Exercise requirements => Every line of the listing below should be written out exactly, minus its images.

(Collected material begins)

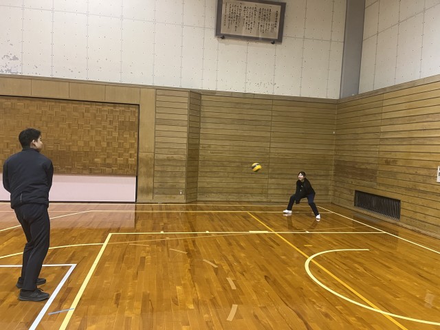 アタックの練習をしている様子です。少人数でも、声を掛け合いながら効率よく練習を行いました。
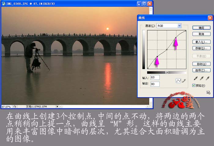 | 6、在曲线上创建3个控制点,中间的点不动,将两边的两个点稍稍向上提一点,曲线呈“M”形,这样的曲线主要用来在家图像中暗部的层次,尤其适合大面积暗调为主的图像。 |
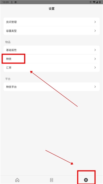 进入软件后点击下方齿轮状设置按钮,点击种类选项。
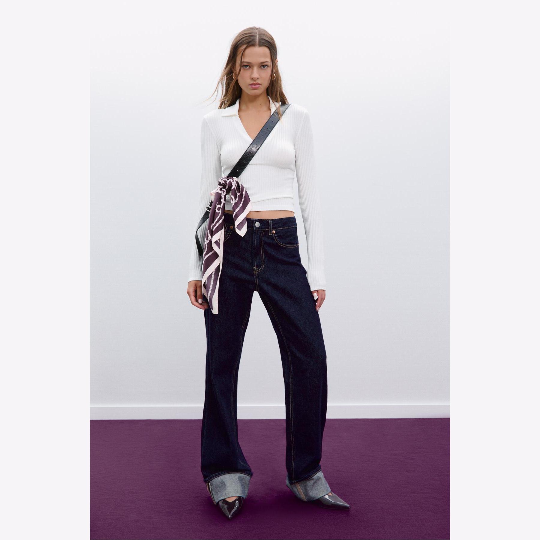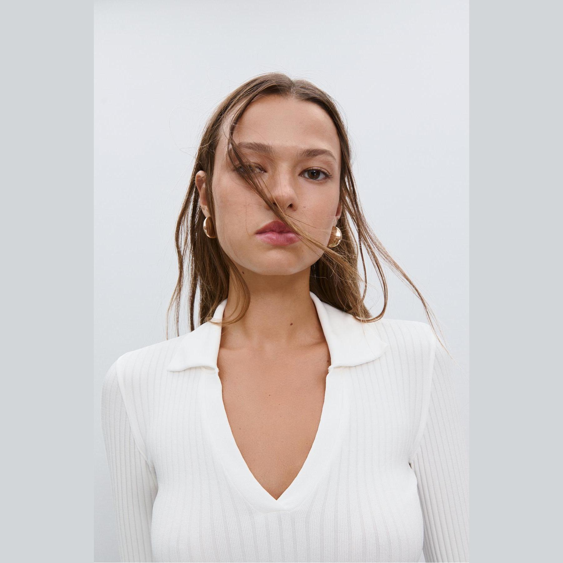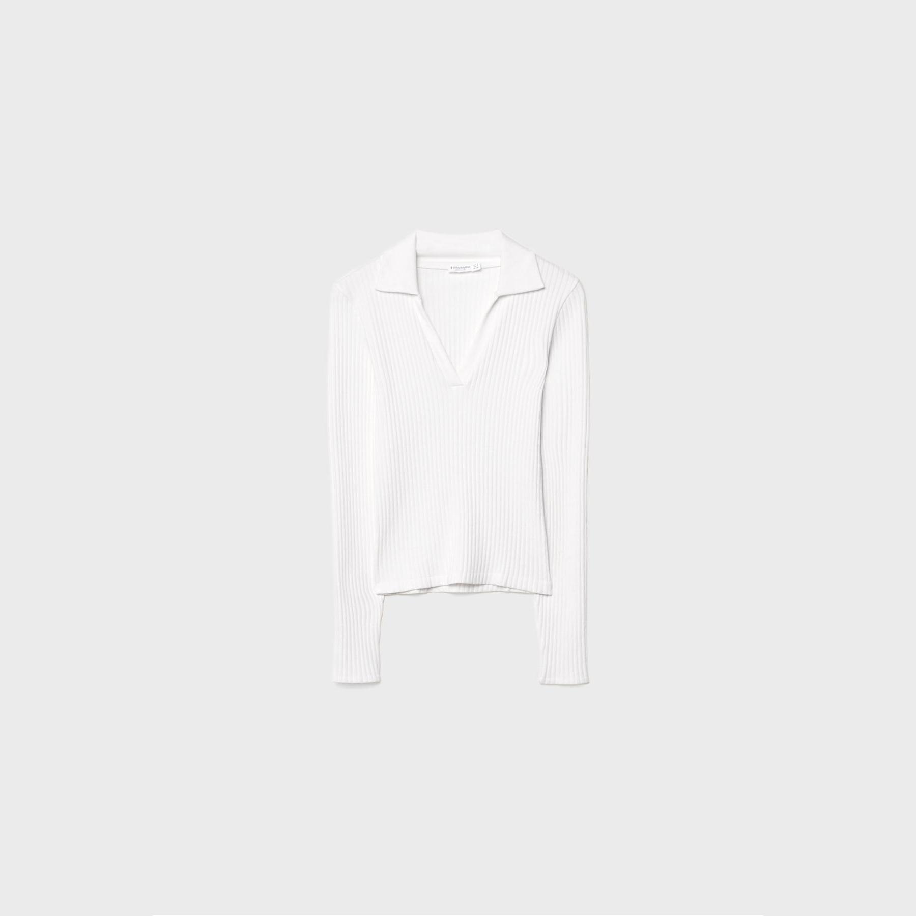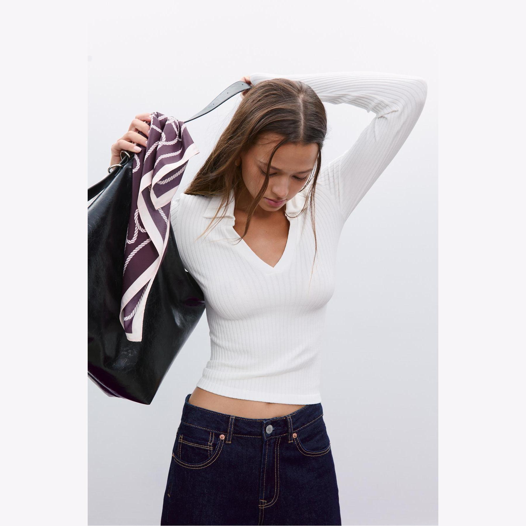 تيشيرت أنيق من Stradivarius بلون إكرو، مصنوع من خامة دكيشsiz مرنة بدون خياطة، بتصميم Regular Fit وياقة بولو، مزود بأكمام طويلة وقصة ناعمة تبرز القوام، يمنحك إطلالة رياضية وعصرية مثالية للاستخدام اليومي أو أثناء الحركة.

(Collected material ends)

Finished exercise =>
 アタックの練習をしている様子です。少人数でも、声を掛け合いながら効率よく練習を行いました。
 | 6、在曲线上创建3个控制点,中间的点不动,将两边的两个点稍稍向上提一点,曲线呈“M”形,这样的曲线主要用来在家图像中暗部的层次,尤其适合大面积暗调为主的图像。 |
 进入软件后点击下方齿轮状设置按钮,点击种类选项。
 تيشيرت أنيق من Stradivarius بلون إكرو، مصنوع من خامة دكيشsiz مرنة بدون خياطة، بتصميم Regular Fit وياقة بولو، مزود بأكمام طويلة وقصة ناعمة تبرز القوام، يمنحك إطلالة رياضية وعصرية مثالية للاستخدام اليومي أو أثناء الحركة.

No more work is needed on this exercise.